Only for non-constant initializers, and of course only for static locals. A local like static int foo = 1;
will compile the same as at global scope, to a .long 1
(GCC for x86, GAS syntax) with a label on it.
But yes, with a non-constant initializer, compilers will invent a guard variable they can test. They arrange things so the guard variable is read-only, not like a readers/writers lock, but that does still cost a couple extra instructions on the fast path.
e.g.
int init();
int foo() {
static int counter = init();
return ++counter;
}
compiled with GCC10.2 -O3 for x86-64
foo(): # with demangled symbol names
movzx eax, BYTE PTR guard variable for foo()::counter[rip]
test al, al
je .L16
mov eax, DWORD PTR foo()::counter[rip]
add eax, 1
mov DWORD PTR foo()::counter[rip], eax
ret
.L16: # slow path
acquire lock, one thread does the init while the others wait
So the fast path check costs 2 uops on mainstream CPUs: one zero-extending byte load, one macro-fused test-and-branch (test + je
) that's not-taken. But yes, it has non-zero code-size for both L1i cache and decoded-uop cache, and non-zero cost to issue through the front-end. And an extra byte of static data that has to stay hot in cache for good performance.
Normally inlining makes this negligible. If you're actually call
ing a function with this at the start often enough to matter, the rest of the call/ret overhead is a larger problem.
But things aren't so nice on ISAs without cheap acquire loads. (e.g. ARM before ARMv8). Instead of somehow arranging to barrier() all threads once after initializing the static variable, every check of the guard variable is an acquire load.

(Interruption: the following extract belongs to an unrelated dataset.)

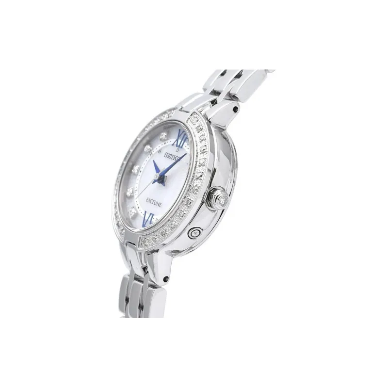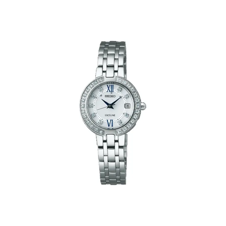 SEIKO Exceline Collection Солнечный кварцевый механизм часы с ремешком из нержавеющей стали женские часы белый циферблат модель SWCW083

But on ARMv7 and earlier, that's done with a full memory barrier dmb ish
(data memory barrier: inner shareable) that includes draining the store buffer, exactly the same as for atomic_thread_fence(mo_seq_cst)
. (ARMv8 has ldar
(word) / ldab
(byte) to do acquire loads, making them nice and cheap.)
Godbolt with ARMv7 clang
# ARM 32-bit clang 10.0 -O3 -mcpu=cortex-a15
# GCC output is even more verbose because of Cortex-A15 tuning choices.
foo():
push {r4, r5, r11, lr}
add r11, sp, #8
ldr r5, .LCPI0_0 @ load a PC-relative offset to the guard var
.LPC0_0:
add r5, pc, r5
ldrb r0, [r5, #4] @ load the guard var
dmb ish @ full barrier, making it an acquire load
tst r0, #1
beq .LBB0_2 @ go to slow path if low bit of guard var == 0
.LBB0_1:
ldr r0, .LCPI0_1 @ PC-relative load of a PC-relative offset
.LPC0_1:
ldr r0, [pc, r0] @ load counter
add r0, r0, #1 @ ++counter leaving value in return value reg
str r0, [r5] @ store back to memory, IDK why a different addressing mode than the load. Probably a missed optimization.
pop {r4, r5, r11, pc} @ return by popping saved LR into PC
But just for fun, let's look at exactly how your idea could be implemented.

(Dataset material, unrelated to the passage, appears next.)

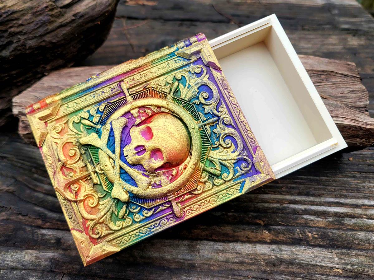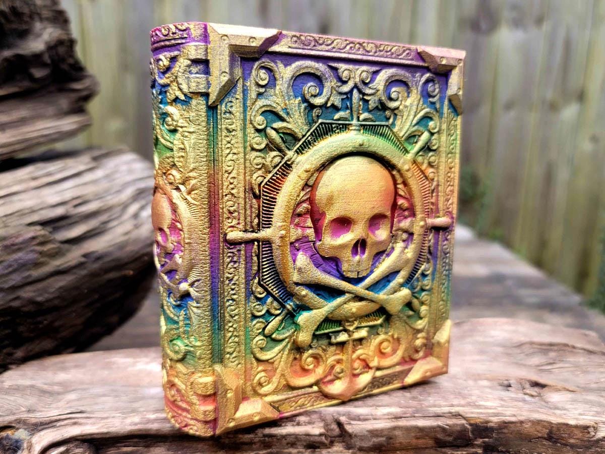 Great for book nerds, gamers, or anyone who has ever wanted to hide a special treasure inside a beautiful book, these ancient tomes look great on your shelf AND make great storage! The pages slide out of the top revealing a hiding space within, then pop back in to be (very gently) held in place with magnets.

Assuming you can PROT_WRITE|PROT_EXEC (to use POSIX terminology) a page containing the code, it's not a hard problem to solve for most ISAs, such as x86.
Start the function with jmp rel32
or whatever to a "cold" section of code that does mutual exclusion to run the non-constant static initializer in one thread. (So if you do have multiple threads start to run it before one finishes and modifies the code, it all works the way it does now.)

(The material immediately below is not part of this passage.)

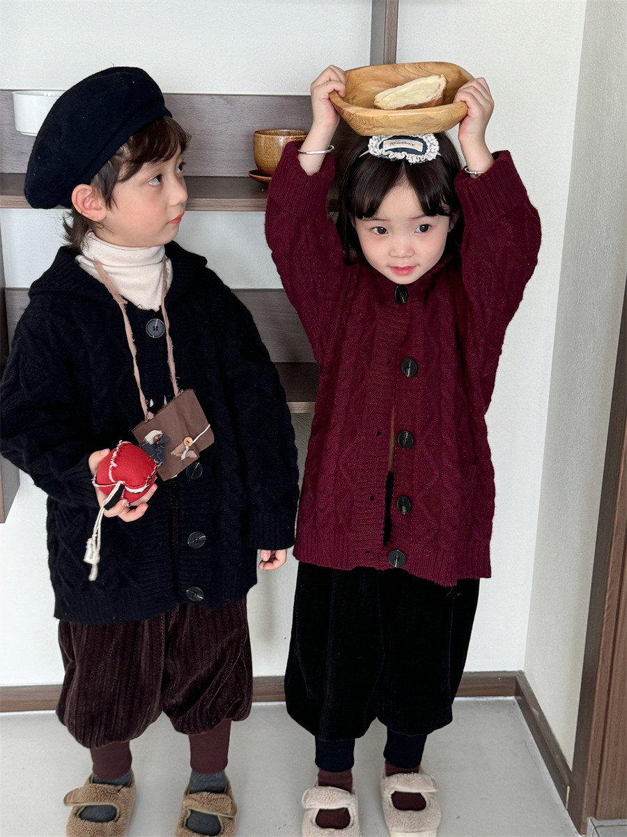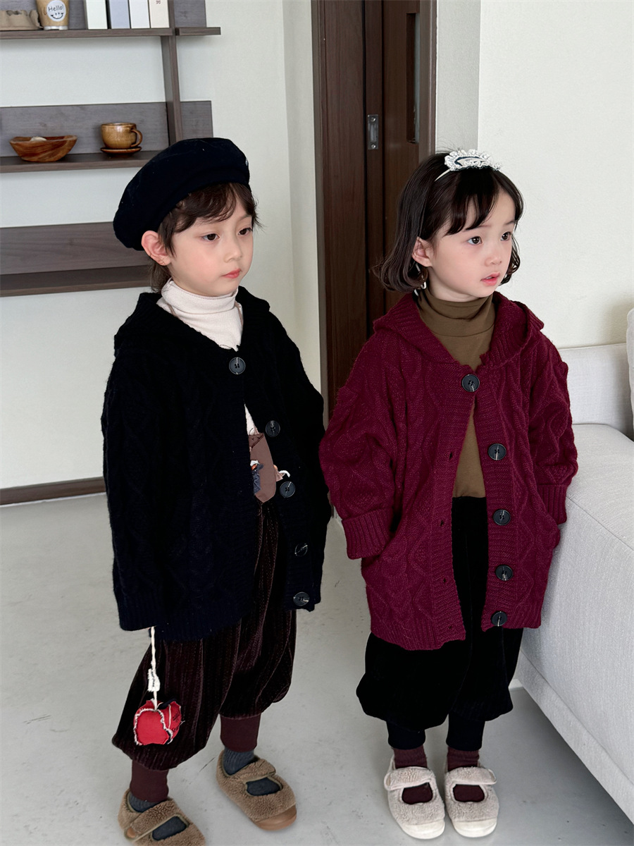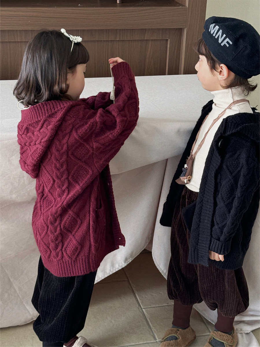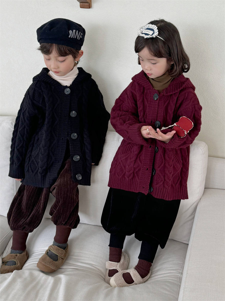 JiaYe 어린이 제품 2025년 가을 신상품 꼬임 니트 가디건 남녀 아기 레트로 스웨터 후드 코트

Once construction is fully done, use an 8-byte atomic CAS or store to replace that 5-byte instruction with different instruction bytes. Possibly just a NOP, or possibly something useful that was done at the top of the "cold" code.
Or on non-x86 with fixed-width instructions of the same width it can atomically store, just a single word store can replace one jump instruction.